For starters, creating poetry, like reading poetry, connects you with your emotions. You must create a poem on something about which you are enthusiastic. As you go along, you're forced to evaluate your feelings and articulate them in a way that conveys not only the information but also the passion behind it.
Secondly, poems can help us express ourselves better than words alone because they allow for subtlety and nuance. A poem can be as simple or complex as you want it to be - even a sonnet will do! They can convey deep meanings without being didactic. And their formal nature allows for greater clarity of expression than what is possible in informal writing.
Thirdly, poems are fun! Even if you're not very good at it, you'll still have a lot of fun trying out different styles and techniques until you find one that works for you. And who knows, you might even come up with some new ways of looking at things.
Finally, poems are useful because they can help us understand ideas and concepts that would otherwise be difficult to grasp. A poem can help us comprehend abstract ideas by giving concrete form to concepts that may not be readily apparent. For example, when you read a love poem, you immediately get a sense of the emotion that person feels for another. Such poems are helpful in understanding love itself because they give voice to those feelings that cannot be expressed in regular conversation.
Writing emotional poetry is all about making your reader experience what you're experiencing, whether it's excitement, misery, anticipation, joy, fury, or something else. It might be the most wonderful sensation in the world. Don't be shy about expressing yourself via poetry. Just concentrate on getting your ideas down on paper. Once they're on paper, you can look them over and edit them if necessary.
An emotional poem may be written in any style, but there are a few that are commonly used: sonnet, sestina, villanelle, freerole, phyllidaic verse, and quatrain.

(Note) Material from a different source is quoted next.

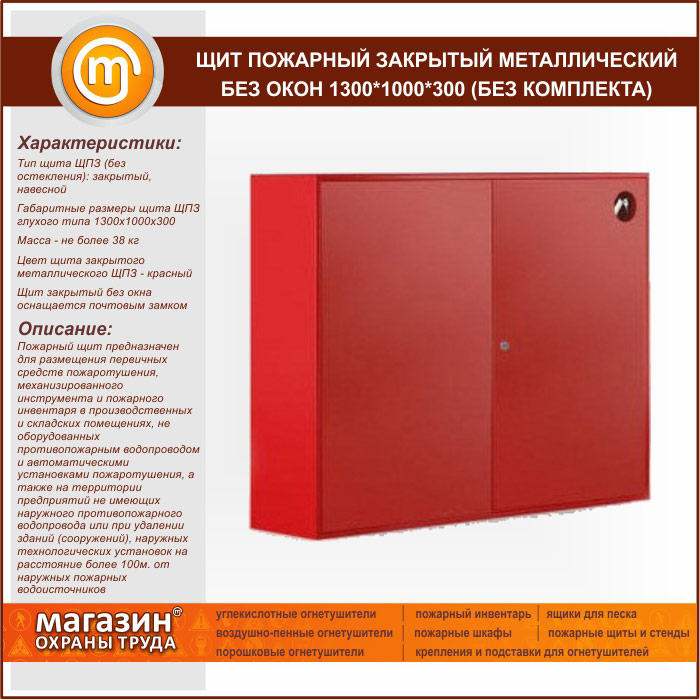 Щит пожарный закрытый металлический без окон 1300*1000*300 (без комплекта)

Sonnets are usually composed of 14 lines with three quatrains and two tercets. They're often thought to have originated in England around 1400. Sonnets are typically very formal, using many archaic words and styling themselves after the works of Shakespeare. Today, they're still used to praise someone or something. For example, "The Sonnet for My New Car" by Eric Orton uses modern language to express its emotion toward a car.

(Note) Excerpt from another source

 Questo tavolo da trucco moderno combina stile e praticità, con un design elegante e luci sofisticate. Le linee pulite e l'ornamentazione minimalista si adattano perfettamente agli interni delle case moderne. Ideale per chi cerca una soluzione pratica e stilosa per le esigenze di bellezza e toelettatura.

Sestinas are sixteenth-century poems that use only seven lines, usually including one central metaphor and one concluding simile or image. For example, "The Sestina for the First Day of Spring" by Elizabeth Bishop uses the opening line's metaphor of sunlight as happiness before moving onto other topics in the sequence.
A poem is, first and foremost, an emotional expression. If you don't engage your sentiments when reading a poem, you haven't read it. This is critical because academia expects you to be impartial and scientific at all times. Therefore, if a poem doesn't touch you emotionally, you can't say anything meaningful about it.
Poetry is the art of expressing emotions through words. Many people think that poems are only lines of rhyming couplets that sound nice or have meaning, but this is not true at all. A good poem can be as simple or complex as necessary, using different techniques, to convey an idea or message. Poetry is also not just for poets, anyone can write it. Some people think that you have to be trained in literature to write poetry, but this is not true either. Anyone can write a poem if they use their mind and heart properly.
In fact, writing a poem is almost like thinking up a story but without putting it down on paper. When writing a poem, you start with an abstract concept or image and try to describe it in detail using different styles or forms of language, such as metaphors, similes, personifications, etc. As you do this, other ideas will come to you which you could use to continue your poem.